Se per un verso nelle controversie attinenti al riconoscimento dello status di rifugiato politico deve ritenersi in via generale attenuato l'onere probatorio incombente sul richiedente - così come oggi esplicitato dall'art. 3, comma 5 D.lvo 251/07-, d'altra parte il richiedente protezione non è esonerato dalla prova. Secondo l'insegnamento della Cassazione "L'onere probatorio, deve dunque essere assolto seppur in via indiziaria tenendo conto delle difficoltà connesse a volte ad un allontanamento forzato e segreto, ma comunque a mezzo elementi aventi carattere di precisione,gravità e concordanza, desumibili dai dati, anche documentali, offerti al bagaglio probatorio (...) 1l fatto che tale onere debba intendersi in senso attenuato non incide sulla necessìtà della sussistenza sia della persecuzione sia del suo carattere personale e diretto per le ragioni rappresentate a sostegno della sua rivendicazione (cfr. Cass. n. 26278/05), e soprattutto non pone a carico dell'amministrazione alcuno alcuno speculare onere nè di concedere il beneficio del dubbio, nè di smentire con argomenti contrari le ragioni addotte dall'istante."(Cass. 18353/06).

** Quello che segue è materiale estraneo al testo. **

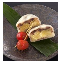
郷土菓子 いきなり団子 380円
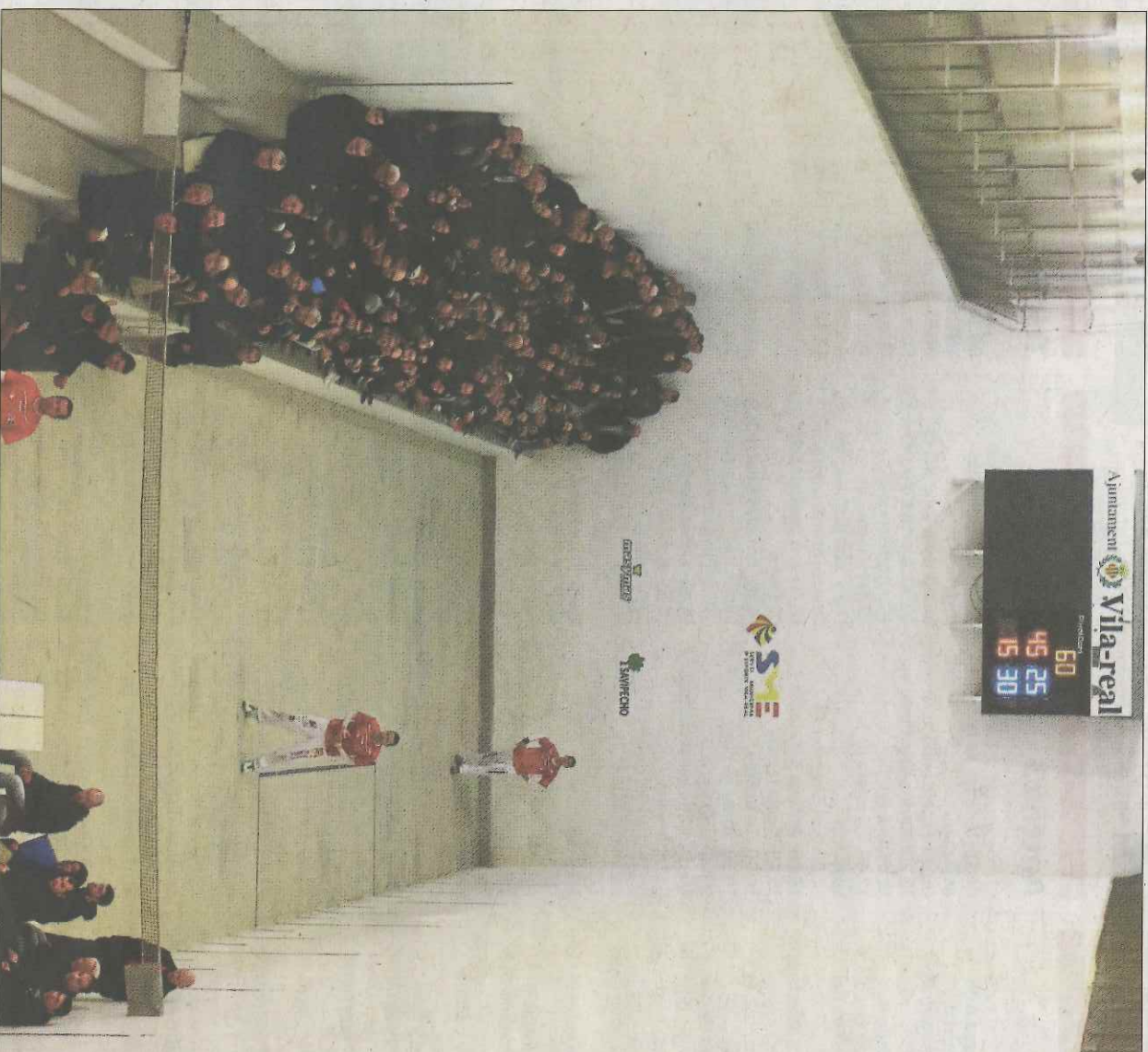
El trinquet de Vila-real acollirà en la nit d'este divendres la primera partida de la fase regular. ▼▼

Les partides es disputaran durant el cap de setmana, complint

In particolare, per accertare la veridicità e l'attendibilità delle circostanze esposte dal ricorrente a fondamento delle proprie istanze di protezione internazionale deve farsi applicazione del regime dell'onere della prova previsto nel D.Lgs. n. 251 del 2007, art. 3, che stabilisce che, se il richiedente non ha fornito la prova di alcuni elementi rilevanti ai fini della decisione, le allegazioni dei fatti non suffragati da prova vengono ritenuti comunque veritieri se: a) il richiedente ha compiuto ogni ragionevole sforzo per circostanziare la domanda; b) è stata fornita un'idonea motivazione dell'eventuale mancanza di altri elementi significativi, le dichiarazioni rese sono coerenti e plausibili e correlate alle informazioni generali e specifiche riguardanti il suo caso; c) il richiedente ha presentato la domanda il prima possibile o comunque ha avuto un valido motivo per tardarla; d) dai riscontri effettuati il richiedente è attendibile (v. Cass. 6879/11).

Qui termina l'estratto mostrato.